• _TASK PROMPT_
Wherever an image appears in the data, omit it and copy all the remaining text word for word.

** DATA BELOW follows **

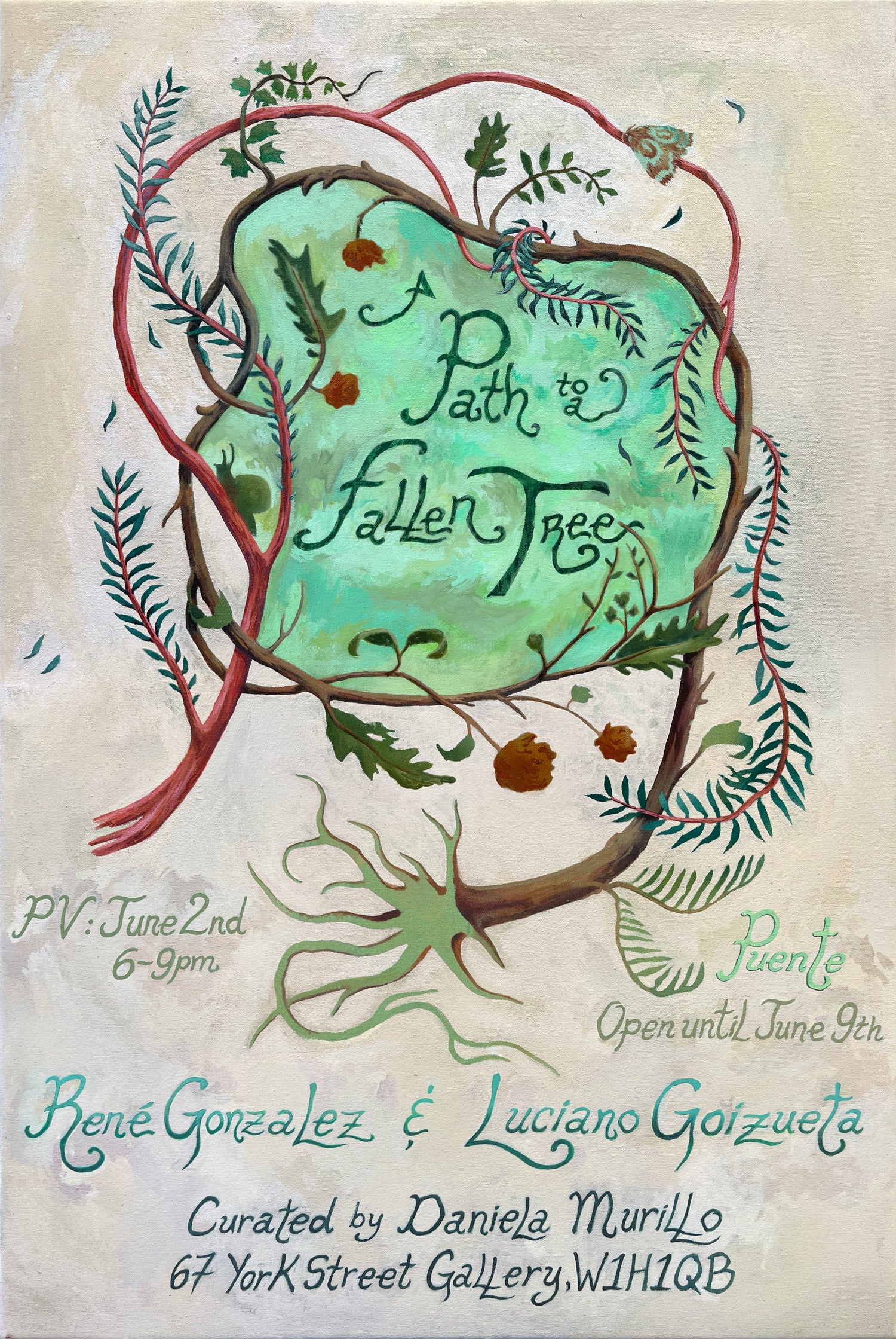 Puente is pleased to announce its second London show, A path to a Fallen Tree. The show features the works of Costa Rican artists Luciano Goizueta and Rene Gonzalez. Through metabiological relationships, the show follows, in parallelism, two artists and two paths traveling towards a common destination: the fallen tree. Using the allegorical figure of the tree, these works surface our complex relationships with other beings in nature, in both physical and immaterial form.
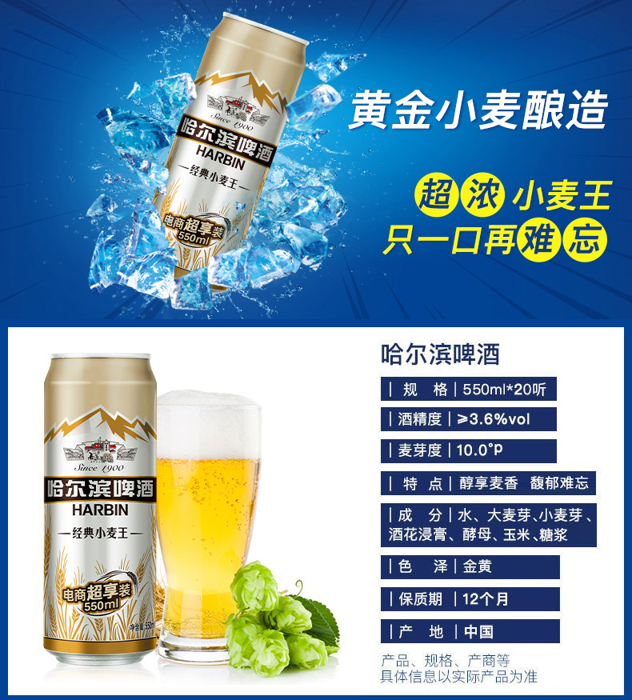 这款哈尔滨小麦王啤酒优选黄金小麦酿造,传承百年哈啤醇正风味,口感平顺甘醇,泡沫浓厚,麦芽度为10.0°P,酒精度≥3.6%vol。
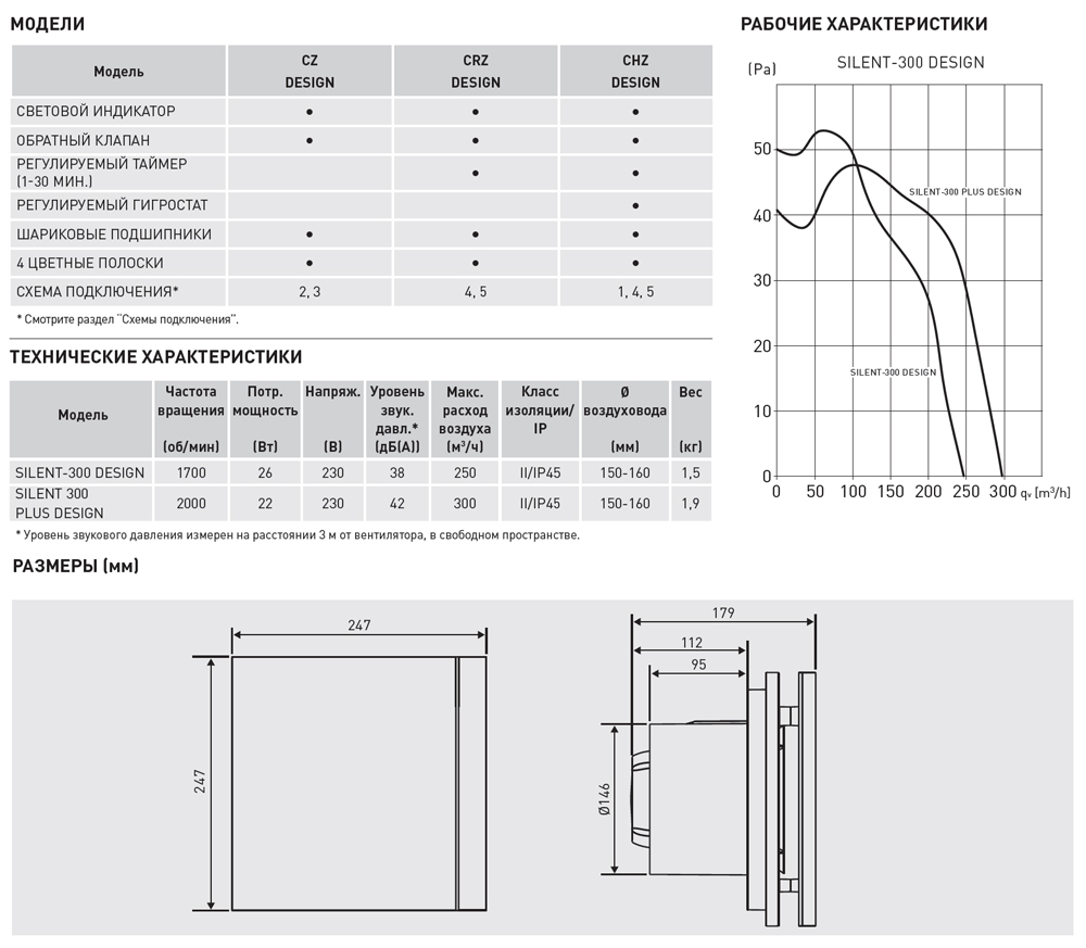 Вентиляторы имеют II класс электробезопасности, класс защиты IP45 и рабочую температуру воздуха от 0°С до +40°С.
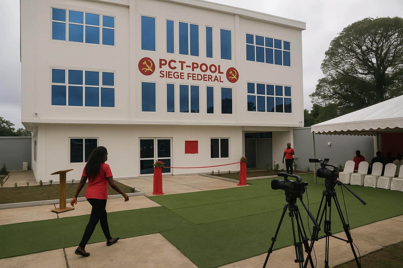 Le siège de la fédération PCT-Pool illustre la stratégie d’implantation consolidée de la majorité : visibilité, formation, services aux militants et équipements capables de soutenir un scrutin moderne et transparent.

** End of DATA BELOW **

• _EXPECTED ANSWER_
 Puente is pleased to announce its second London show, A path to a Fallen Tree. The show features the works of Costa Rican artists Luciano Goizueta and Rene Gonzalez. Through metabiological relationships, the show follows, in parallelism, two artists and two paths traveling towards a common destination: the fallen tree. Using the allegorical figure of the tree, these works surface our complex relationships with other beings in nature, in both physical and immaterial form.
 这款哈尔滨小麦王啤酒优选黄金小麦酿造,传承百年哈啤醇正风味,口感平顺甘醇,泡沫浓厚,麦芽度为10.0°P,酒精度≥3.6%vol。
 Вентиляторы имеют II класс электробезопасности, класс защиты IP45 и рабочую температуру воздуха от 0°С до +40°С.
 Le siège de la fédération PCT-Pool illustre la stratégie d’implantation consolidée de la majorité : visibilité, formation, services aux militants et équipements capables de soutenir un scrutin moderne et transparent.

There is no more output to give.